First, as shown in FIG. 5g, if the magnet 24 is relatively far from the magnetic sensor 26.28, the magnet 24
The output signal E of the amplifier 34.36 is proportional to the output voltage generated in the magnetic sensor 26.28 by the magnetic field caused by the
E2 is below the reference voltage VR, and the light emitting diode D
2) Both D4 and D6 are off. Therefore, the piston 4 exists in region A outside the allowable operating range.

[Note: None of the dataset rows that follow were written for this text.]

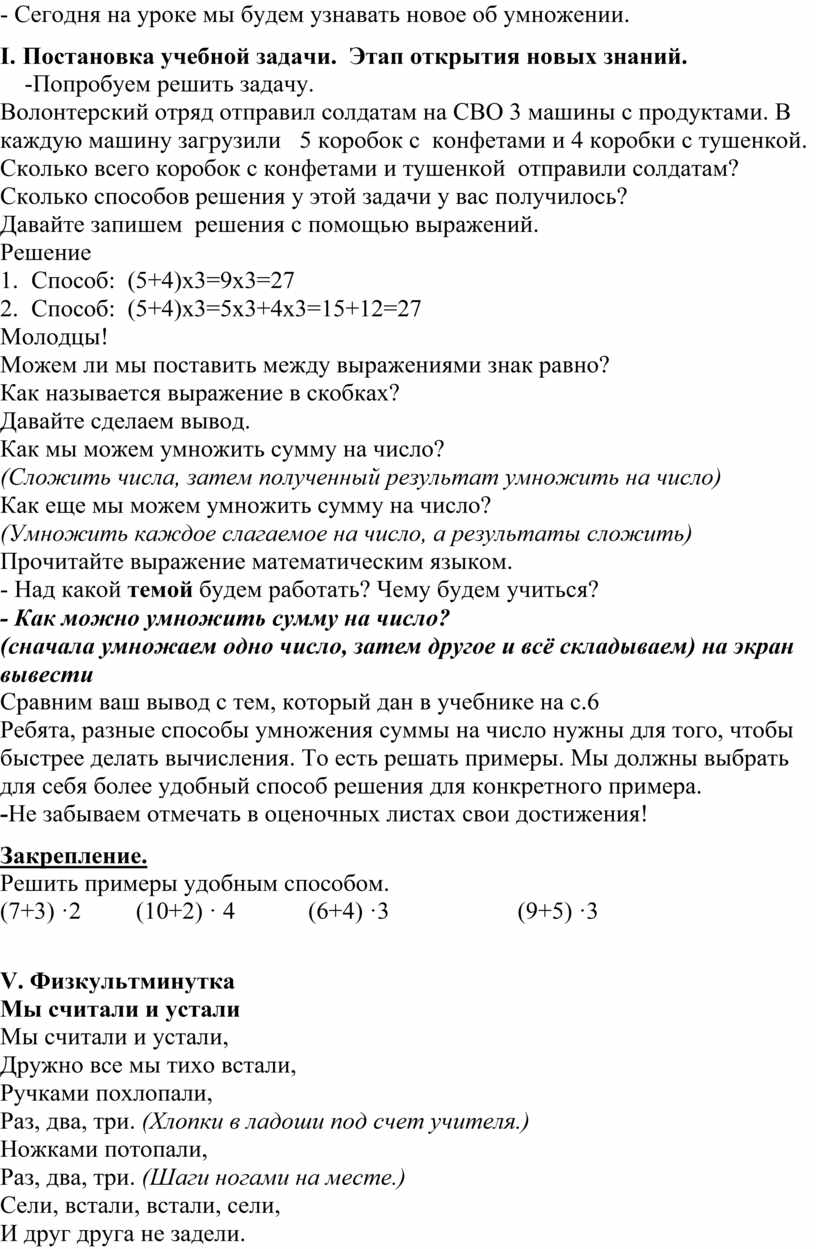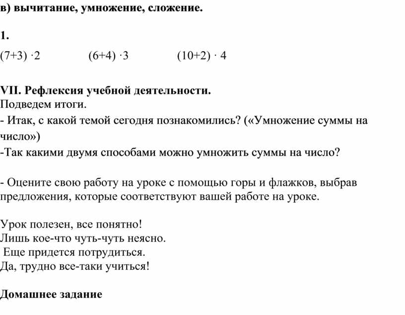 - Итак, с какой темой сегодня познакомились? («Умножение суммы на число»)
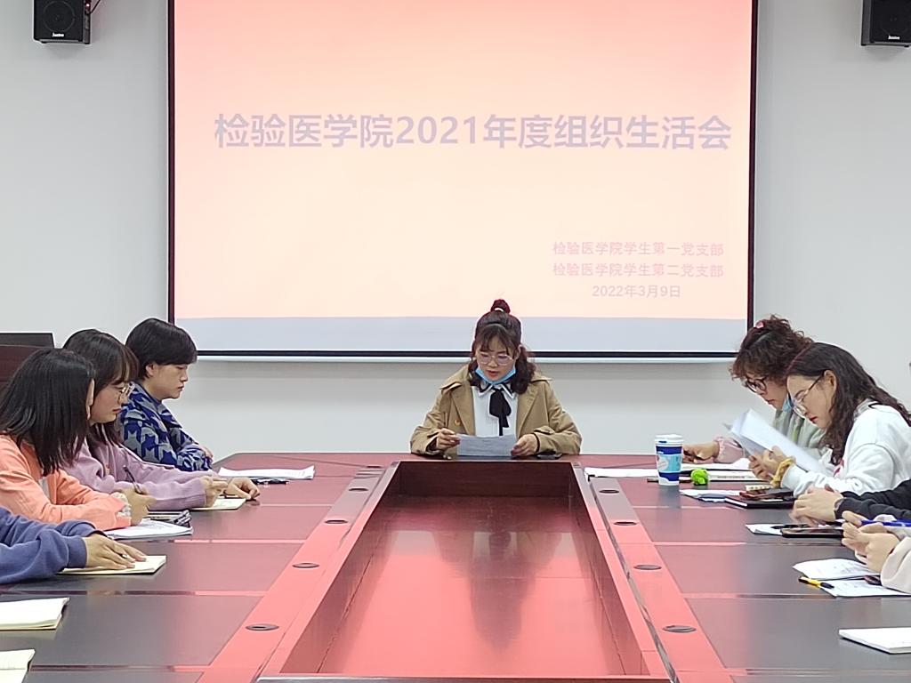 按照中共遵义医科大学附属医院委员会《关于基层党组织召开2021年度组织生活会和开展民主评议党员的通知》要求,结合党支部实际情况,检验医学院学生第一党支部于2022年3月9日14:00在检验医学院会议室召开了本次组织生活会暨开展民主评议党员工作。检验医学院党委书记罗开源同志以普通党员的身份参加会议。会议由党支部副书记陆超主持。
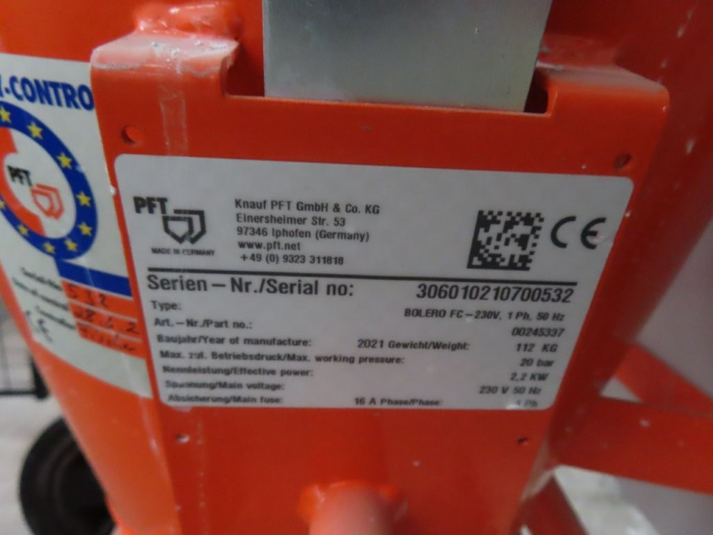 1 kombinierte Misch-, Pump- und Spritzmaschine, Fabr. Knauf PFT, Typ Bolero FC, Serien-Nr. 306010210700532, Baujahr 2021, 112 kg, 2,2 kW, 230 V, 20 bar, Antrieb fehlt
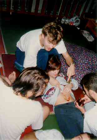 A jelikož již měla Petra marmelády dost, tak se tohoto milého úkolu, po krátkém přemlouvání, ujal sám pan předseda Klubu panen a paniců. Zde mi bohužel došel film a tak pokračování už není. Pro informaci - marmeládový zábal obdrželi ještě Diana a Arin.
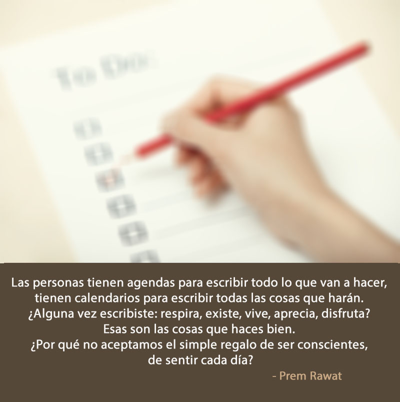 Las personas tienen agendas para escribir todo lo que van a hacer, tienen calendarios para escribir todas las cosas que harán. ¿Alguna vez escribiste: respira, existe, vive, aprecia, disfruta? Esas son las cosas que haces bien. ¿Por qué no aceptamos el simple regalo de ser conscientes, de sentir cada día?
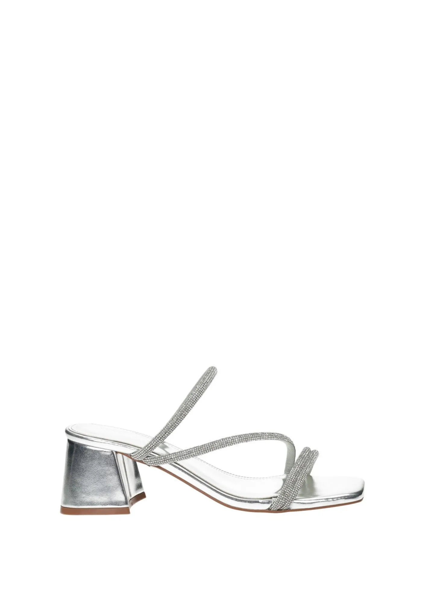 Sandali effetto pelle con tacco di 6 cm e listini strass.
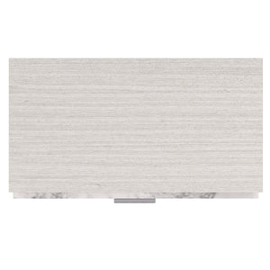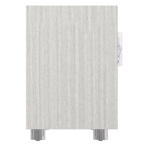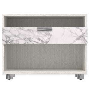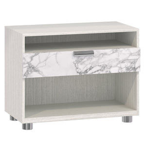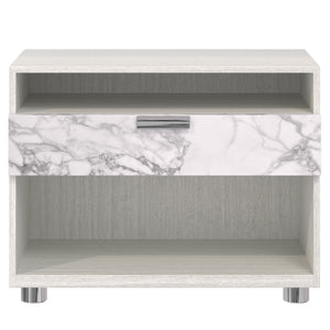 Ash solids and engineered veneer in Mist finishFixed shelf open compartments above and below one soft-close drawer with front of Arabescato stoneMetal drawer pull and feet in Polished Nickel finishTwo-port USB charging unit on upper back panelAnti-tip kit

Next, when the magnet 24 at the position shown in FIG. 5g moves in the direction of arrow G due to the displacement of the piston 4, the output signal E1 caused by the magnetic sensor 26 as shown in FIG.
becomes equal to the reference voltage VR, the first comparator 38 is inverted, the OR circuit 48 and the exclusive OR circuit 50 are inverted, the transistor Q2 is energized, the red light emitting diode D2 is lit, and the piston 4 is turned on.
It is understood that this has fallen outside the permissible operating range. In this case, the second comparator 42 inputs a signal E2 to it.
Since the value of is less than the reference voltage VR, it is not inverted. Therefore, the AND circuit 52 does not operate and the green light emitting diode D4 does not light up.

Furthermore, since the window comparator 40 operates only when the absolute value IEI E2 l =ΔE+□ of the difference between the signals E1 and E2 is smaller than the minute voltage ΔE (see Fig. 5g), the green light emitting diode according to the optimum operating range C2 operates. D6 does not light up.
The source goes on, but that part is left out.